- _What is expected_: Only the lines from the one containing "湖南日报10月17日讯(全媒" through the end of the material should be printed, exactly as they appear. Leave out pictures.

**** Data shown

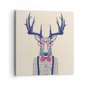 Bild auf Leinwand - Leinwandbild - Stilisierte Grafik eines Hirsches mit Brille und Fliege - 70x100cm - Eine lustige Extravaganz - Moderne Wanddekoration für Wohnzimmer und Schlafzimmer ARTTOR
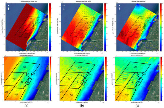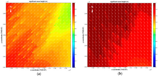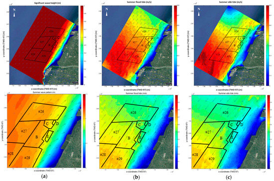 This study referred to the technical content of The Feasibility Study of Offshore Wind Power in Changhua: Phase One [31] to set the mode input conditions. In summer, the wave height was 1.2 m, the period was 6.5 s, and the wave direction was south-southwest (SSW); in winter, the wave height was 3.0 m, the period was 7.5 s, and the wave direction was north–northwest (NNW). In order to make the results clearer and more convenient, this study will narrow down the calculation results. The simulation results of the summer and winter wave and current patterns are shown in Figure 6a and Figure 7a. The summer monsoon wave was attenuated sharply at a depth of about 0–2 m near the shore, which means that most of the wave energy was released in this area; the winter monsoon wave was also attenuated sharply at a water depth of 0–2 m. The diagrams of the near-shore current simulated by Figure 6b,c and Figure 7b,c show that the phenomenon of near-shore currents generated by waves before and after breaking waves was quite obvious. During the wave impact of the summer monsoon, the direction of the current between a 0 and 2 m water depth was approximately from the southwest to the northeast, and a vortex also occurred in some areas between a −1 and −3 m water depth nearing the protruding coastal structures. Additionally, during the winter monsoon, a large near-shore current velocity was found between the depth of −1 and −5 m, and the overall transmission direction was roughly southwest–northeast. The average velocity of the overall offshore wind farm area was between 0.56 and 0.58 m/s, and the maximum velocity was between 0.78 and 0.88 m/s. The velocity under the effect of the winter monsoon wave was greater than that under the summer monsoon wave.
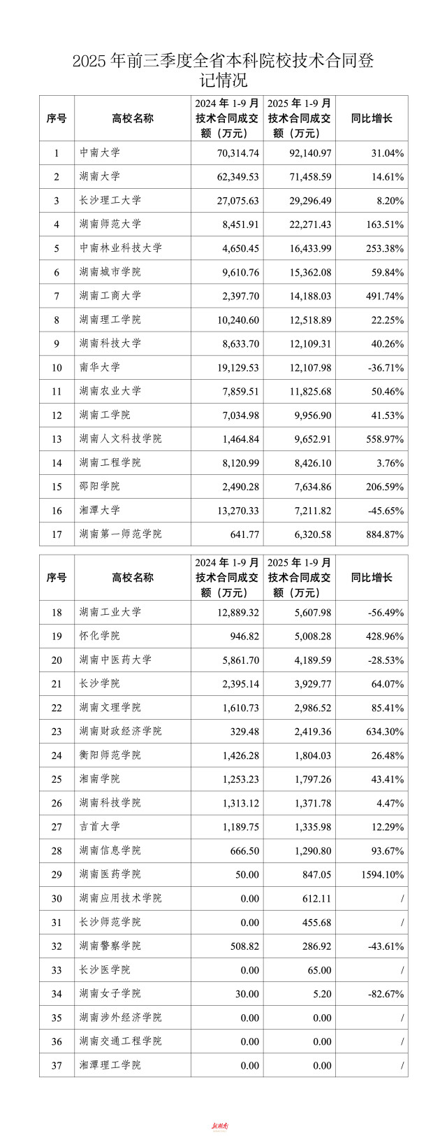 湖南日报10月17日讯(全媒体记者 王铭俊)日前,湖南省科技厅公布2025年前三季度全省本科院校技术合同交易数据,湖南11所本科院校技术合同成交额破亿元。
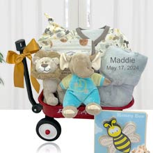 Beautifully designed Personalized Baby Boy Gift Baskets or Baby Girl Gifts are available and would make a treasured baby shower gift. The sweet newborn's name can be professionally embroidered to create a special keepsake that will last a lifetime. Adorable themes and exceptional quality are just what the new parents will receive with a first class personalized baby gift.

********

- _Result of this task_:
 湖南日报10月17日讯(全媒体记者 王铭俊)日前,湖南省科技厅公布2025年前三季度全省本科院校技术合同交易数据,湖南11所本科院校技术合同成交额破亿元。
 Beautifully designed Personalized Baby Boy Gift Baskets or Baby Girl Gifts are available and would make a treasured baby shower gift. The sweet newborn's name can be professionally embroidered to create a special keepsake that will last a lifetime. Adorable themes and exceptional quality are just what the new parents will receive with a first class personalized baby gift.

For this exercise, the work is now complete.